The episiotomy cut is the equivalent to the size of a second degree tear and is usually done with scissors. There are two types – one cut that goes straight down towards the anus (called a midline) or one that involves cutting at a 45 degree angle to one side of the anus (mediolateral).
Why in the world would anyone choose to have her vagina cut? Sometimes it’s necessary, especially during assisted birth or if bub’s head is in an abnormal position. Sometimes it can help speed up labour and sometimes it’s simply recommended by certain health practitioners.
Of course, if you want more information, ask your doctor during your next visit. He or she will be able to provide you with all the information and statistics you need.

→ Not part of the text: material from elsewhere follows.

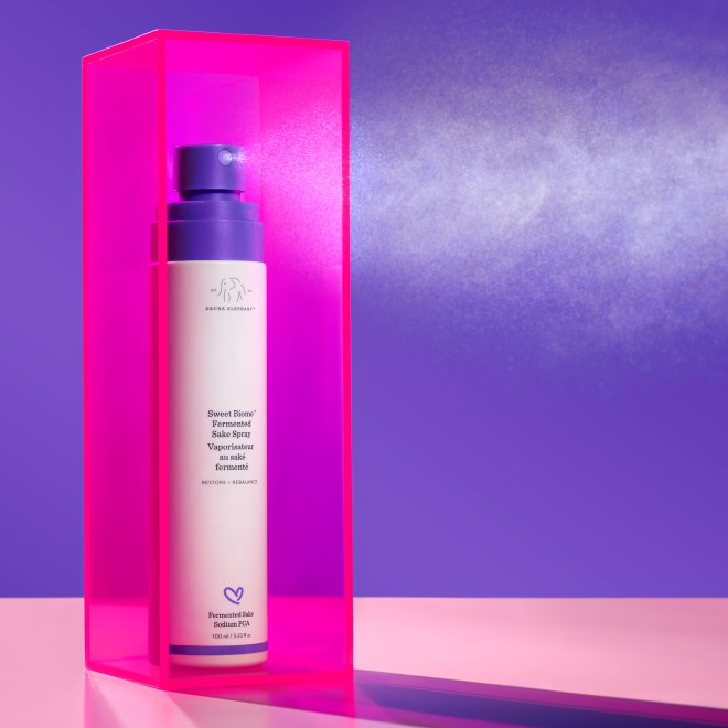 Enter Drunk Elephant’s Sweet Biome Fermented Sake Spray, the latest product in the cult beauty brand’s arsenal of skincare powerhouses. Its purple-accented white vessel fits right into the brand’s minimalist aesthetic, while its ingredients include superfoods like fermented sake extract, kombucha, and coconut water. Like all of the Drunk Elephant’s products, the Sake Spray is dermatologist-approved and naturally-formulated—which means no fragrances, essential oils, and silicones.

Keeping your vagina intact – tear prevention tips
No one can tell you if you will tear or not. There is no exact science to it. But approximately 40 per cent of Aussie mums will require stitches due to a tear or episiotomy. So if you do, you’re in great company!
There are, however, a few things that have been shown to help reduce your risk of tearing.
Massage the perineal area during the final few weeks of pregnancy (this is known as a perineal massage).
Aim to give birth kneeling, on all fours or side-lying as these are the ‘less-chance-of-a-tear’ positions.
When you feel the urge to push, try panting instead of pushing, which can help ease the baby’s head out slowly reducing the risk of a tear.
And, most importantly, try not to stress. Relax, especially your pelvic floor muscles. If you tear, you tear. It’s part of the joy that is labour, along with potentially pooping, vomiting and throwing a bottle of Gatorade at your partner’s head.
Tears during labour, like stretch marks during pregnancy, are the marks of a mother. Wear them with pride. And pick up a few hot water bottles at the shops, you know, just in case.